To what extent can someone own a word or phrase? Can the owner of a name control what others are allowed to respond if asked about it? And what do you think about lexicographic options and futures, or phrasal arbitrage?

On 3/27/2005, Doreen Carvajal has an interesting article in the IHT, reprinted in the NYT, exploring the proliferation of lawsuits against Google's keyword advertising. Her article focuses on certain questions in trademark law and related intellectual property issues. The owner of a trademark or service mark Foo® can get the courts to stop you from operating as Foo, at least in a sufficently similar business. But can they stop you from suggesting to third parties interested in Foo® that they should consider an alternative product or service like Bar®? So far, the answer is: in France they can, but in the U.S., England and Germany they can't.

The crucial issue is whether Google should be able to sell, to anyone interested in paying for it, the right to pop up one of those little right-column ads when an internet pilgrim asks about (say) Hennessy or Vuitton. The advertiser might want to offer genuine Louis Vuitton brand goods, or pirated knock-offs, or testimony from top fashionistas that another brand is *much* more elegant and desirable, really... or a rant about pretentious overpriced junk. Google doesn't care, as long as the advertiser pays the bill. LVMH Moët Hennessy Louis Vuitton and other companies have sued Google in France and won their cases, and Google has not only paid the (small) damage awards but also removed keyword advertising for (some?) trademarks from its French site.

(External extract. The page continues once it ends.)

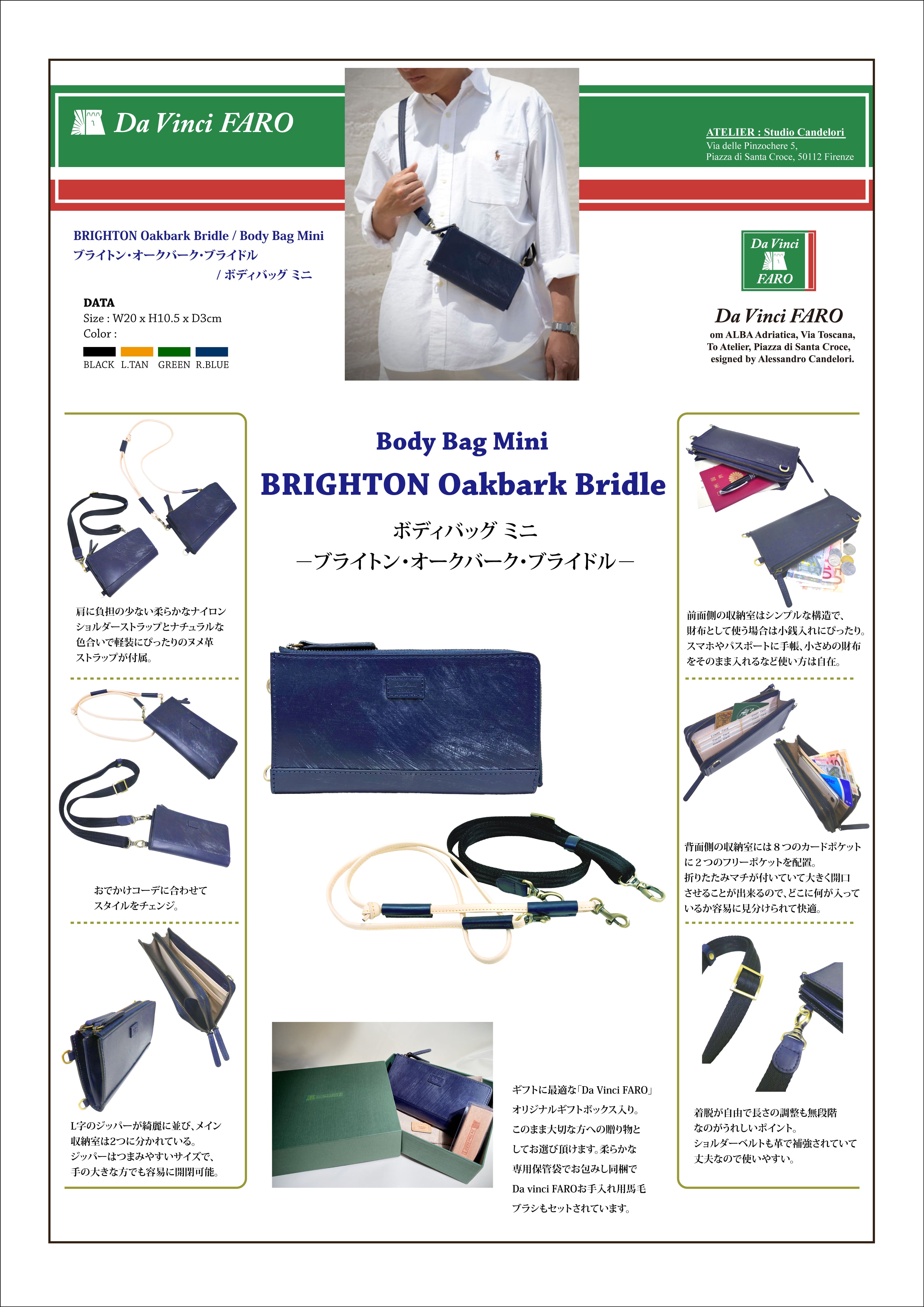 オークバークのブライドル革で仕上げられたボディバッグのミニタイプ。柔らかいナイロンベルトタイプとヌメ革の紐タイプ2種類の着脱可能なショルダーストラップで、様々なシーンに適したスタイルへ替えて大人らしさを演出。小銭、お札、カードを分けて収納することもできて財布代わりとしてもお使いいただけます。

I think there's something bigger and more interesting going on here. A couple of days ago, my colleague Michael Kearns suggested, only half in jest, that Google's most important innovation has not been improved search, but rather the invention of a new kind of market -- a market for words. Look at Google's introduction to AdWords, and especially consider the meaning of "maximum cost-per-click" (CPC), and you'll see that he has a point. In effect, this is a market where advertisers bid against one another for words. Removing trademarks from this market would decrease the total value of the goods traded (and would hurt Google's revenues), but it wouldn't change the basic nature of the situation.

And how long will it be before the usual array of derived instruments for hedging and speculation appears? Someone could make their living by guessing what unheralded keyword will go platinum next year, or what hot little morpheme will be all but worthless in six months.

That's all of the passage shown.